December 16th, 2013
Possible New Lease on Life for Vorapaxar and Rivaroxaban for ACS
Early next year an FDA panel will review a new drug from Merck and a new indication for Xarelto (rivaroxaban), Johnson & Johnson’s highly successful new oral anticoagulant. Both drugs have had a rocky road getting to this stage and their success is by no means assured, but the announcement of the meeting of the FDA’s Cardiovascular and Renal Drugs Advisory Committee suggests that the companies have made progress resolving earlier problems.
Merck’s new drug application (NDA) for vorapaxar (Zontivity is the proposed trade name) will be discussed on January 15 for the proposed indication of reduction of atherothrombotic events in patients with a history of myocardial infarction (MI). (Here’s the notice in the Federal Register.) Merck will also try to demonstrate that the drug reduces the rate of a combined endpoint of cardiovascular death, MI, stroke, and urgent coronary revascularization.
The background story of vorapaxar is quite interesting. The once highly-promising novel antiplatelet drug, a thrombin receptor antagonist, was widely thought to have no future after unacceptably high serious bleeding rates were found in two large clinical trials studying the drug in a wide variety of acute and chronic cardiovascular patients. But hopes for the drug resurfaced last year based on new data from a prespecified analysis of the TRA 2P-TIMI 50 trial published in the Lancet. The new proposed indication is considerably narrower than the company had originally hoped.
In the full trial, which randomized 26,449 patients with a history of MI, ischemic stroke, or peripheral arterial disease to either vorapaxar or placebo in addition to standard therapy, the rate of CV death, MI, or stroke was significantly reduced by vorapaxar, but there was also a doubling of the very serious complication of intracranial bleeding.
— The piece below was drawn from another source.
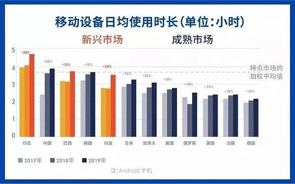 巴西约有2亿人口,其中66%是移动互联网用户,App Annie《2020年移动市场报告》显示,2019年全球用户日均移动设备使用时长为3小时40分钟,其中双印和巴西用户的日均使用时长排名靠前、且较往年有明显涨幅。

But the substudy published in the Lancet focused on the subgroup of 17,779 patients with a history of MI. After 2.5 years of followup, the rate of CV death, MI, or stroke was significantly reduced in the vorapaxar group compared to the placebo group, though vorapaxar was also associated with an increased risk of bleeding, though not, importantly, intracranial bleeding.
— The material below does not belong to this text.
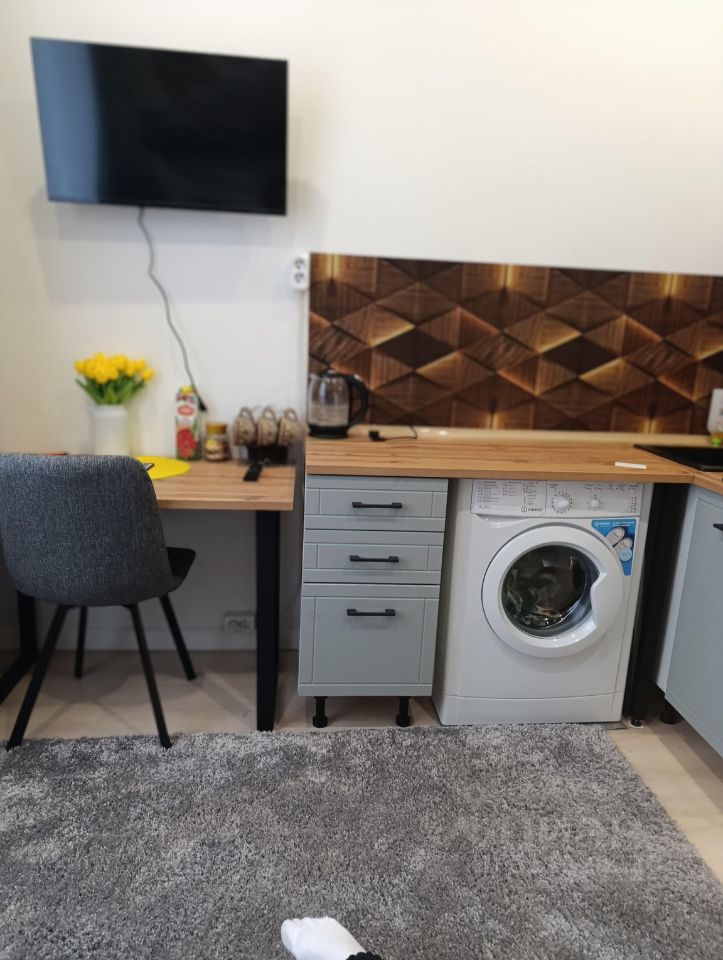 Сдаётся уютная студия площадью 14 кв. м. в рабочем посёлке Ильинский, по адресу: Пролетарская улица, 49/1. Апартаменты расположены на 2 этаже 4-этажного дома. Высокие потолки 3 метра создают ощущение простора. До станции метро Быково всего 4 минуты на автомобиле, что делает транспортное сообщение очень удобным.

In general, a substudy does not provide sufficient evidence to support an NDA for a novel drug. But, the study authors pointed out, the substudy was larger than is usually found in the entire population of most clinical trials. It seems likely that the FDA reviewers and the advisory committee members will spend some time considering this issue.
On January 16 the panel will discuss the supplemental NDA for Johnson & Johnson’s Xarelto (rivaroxaban) to reduce the risk of thrombotic cardiovascular events in patients in the first 90 days after suffering acute coronary syndrome (ACS). Earlier this year the FDA turned this supplemental NDA down for the second time.
The ACS indication has proved tantalizingly elusive, the one major blank space in a large trophy case of successful indications garnered by the drug. The proposed indication is based on the ATLAS ACS 2-TIMI 51 trial, which was widely praised when results were first unveiled in 2011. The FDA then granted priority review for the indication. But momentum ground to a halt when FDA reviewers raised questions about the ATLAS trial, largely centering on significant amounts of missing data from the trial. The FDA advisory panel, highlighted by vocal criticisms from Steve Nissen and Sanjay Kaul, resulted in a vote against the ACS indication, leading to the first complete response letter.
Johnson & Johnson has revealed neither the contents of the most recent complete response letter nor the substance of its answer to the FDA.